Но когда открываю дверь, то и сама все вижу. В раздевалке сидят наши парни. Раскрасневшиеся и довольные. Все уже переодетые и с вещами. Только Попова нет. Видимо, как самый младший, попал в душ последним.
Я замираю, стоя в джинсах с высокой талией и ярко-розовом лифчике. Секунда, и я соображаю прижать полотенце к груди. Раздевалка взрывается хохотом.
– Петрова, я же предупредила! – не может сдержать смех Света.
– Я тебя не слышала!
Отвечаю Манковой, но смотрю только на Глеба. Который тоже не спускает с меня взгляда. И улыбается. Немного нагло, немного с вызовом, немного (шок!) смущенно.
Ян поднимает вверх ладони:
– Яна, прости! Мы просто вам шампанское принесли!
– Да ладно уж, – ворчу я, быстро натягивая футболку, повернувшись к ним спиной, – а что отмечаем?
И они снова смеются. Ян протягивает мне бутылку шампанского. Я медлю, разглядывая этикетку.

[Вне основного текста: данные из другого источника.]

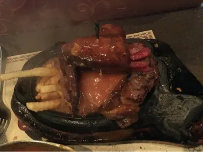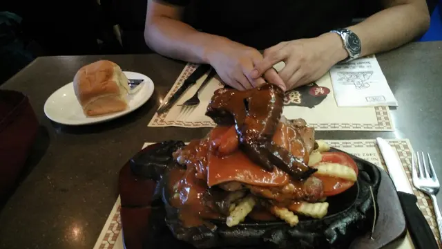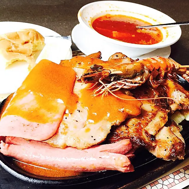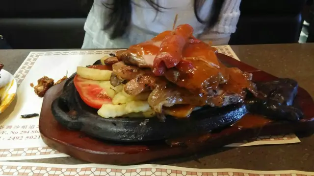 話說琴晚七夕情人節,老公就話出去吃餐二人世界飯!因為帶阿B去街既話,根本不能据下扒,所以就趁機會去下莎樂美!老公叫左份什扒,賣相幾吸引架,大大份咁,仲幾有氣勢咁,但老公食完好失望,得豬扒係食得落,其餘雞扒有雪味,腸仔係無味,牛肉粒只係一餅肉咁!失敗!我就叫左份西冷,上枱又係幾靚,食落口無咩牛味,好失望呀!賣單成三百幾蚊。。。若果好味都ok,但最慘係半夜勁肚痛,訓訓下醒左,唔敢話俾老公知,今朝肚痾到七彩,老公都係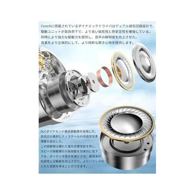 商品名:TRN-CONCH モニターイヤホン カナル型 イヤホン DLCダイヤモンド炭素振動膜 1DD イヤモニ イヤーモニター 高遮音性 IEM ハイレゾ イヤフォン 中華イヤホン 有線 2.5/3.5/4.4mm交換式プラグ QDC脱着式ケーブル (CONCHシルバー)
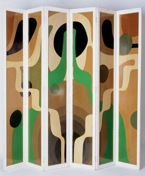 The screen is typical of Clendinning's 1960s interior design work in collaboration with Ralph Adron. The design is very reminiscent of the 'supergraphics' in the dining room Clendinning designed for his own home in the 1960s. Purchased by the Art Fund with the assistance of the Esmée Fairbairn Foundation.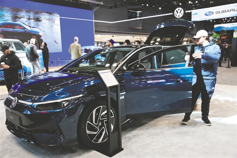 3月29日,人们在美国纽约国际车展上参观。为期10天的2024年纽约国际车展29日对公众开放,超过20个汽车厂商参加展览。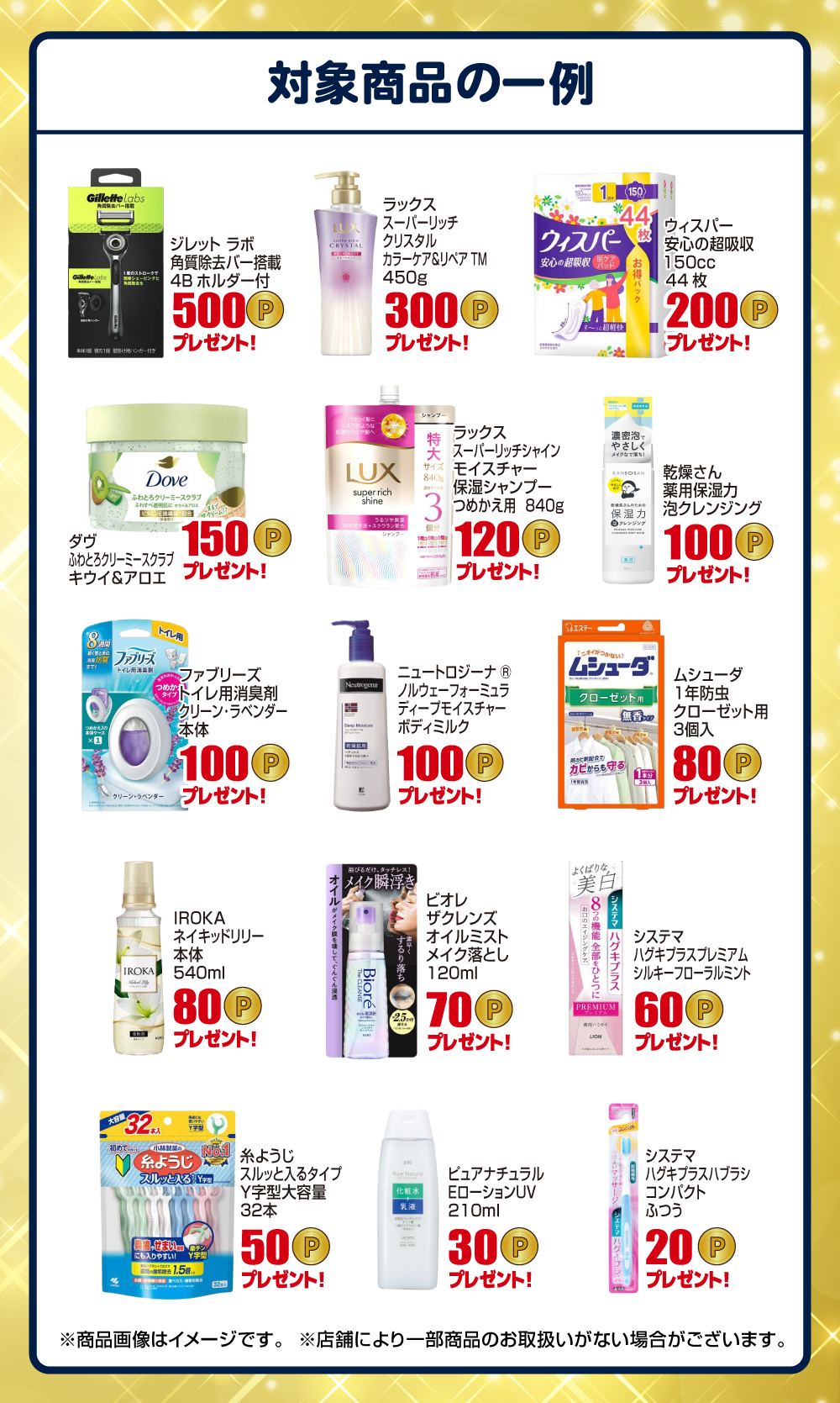 ジレットラボ、ラックススーパーリッチクリスタル、ウィスパー、ダヴふわとろクリーミースクラブ、乾燥さん薬用保湿力泡クレンジング、ファブリーズ、ニュートロジーナⓇ、ムシューダ、IROKA、ビオレザクレンズ オイルミストメイク落とし、システマハグキプラスプレミアム、糸ようじ、ピュアナチュラルEローションUV、システマハグキプラスハブラシなどの商品が対象となります。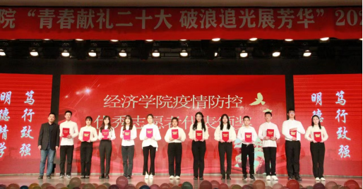 在晚会的颁奖环节,张伟副书记代表学院为在疫情防控工作中作出重要贡献的青年志愿者代表颁发了优秀志愿者证书,并代表学院充分肯定了志愿者对学院和学校疫情防控作出的重要贡献,鼓励全体经院学子继续发扬志愿服务精神,感恩奉献、勇毅前行,共同筑牢校园疫情防控第一线,坚定坚决打赢疫情防控阻击战的不屈信念。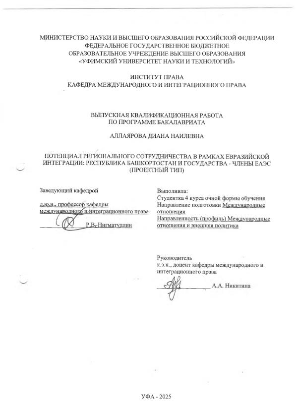 Аллаярова, Диана Наилевна. Потенциал регионального сотрудничества в рамках евразийской интеграции: Республика Башкортостан и государства - члены ЕАЭС (проектная): выпускная квалификационная работа по программе бакалавриата. Направление подготовки (специальность): 41.03.05 "Международные отношения". Направленность (профиль): "Международные отношения и внешняя политика" / Д. Н. Аллаярова; Уфимский университет науки и технологий, Институт права, Кафедра международного и интеграционного права; научный руководитель А. А. Никитина. — Уфа, 2025. — 61 с. — <URL:https://elib.bashedu.ru/dl/diplom/2025/Allayarova D.N. MO-4MO212B 41.03.05. Mezhdunarodnye otnosheniya.pdf>. — Текст: электронный

Вообще-то я не пью.
Глеб наблюдает за мной исподлобья.
– Не бойся, Яночка, мы тебя не спаиваем, сделай просто глоток за победу, – кричит Манкова, укладывая свою короткую стрижку перед зеркалом.
Янковский улыбается одним уголком губ, развалившись на скамейке рядом с моими вещами. Взгляд у него такой нахальный и снисходительный, что я непроизвольно начинаю злиться.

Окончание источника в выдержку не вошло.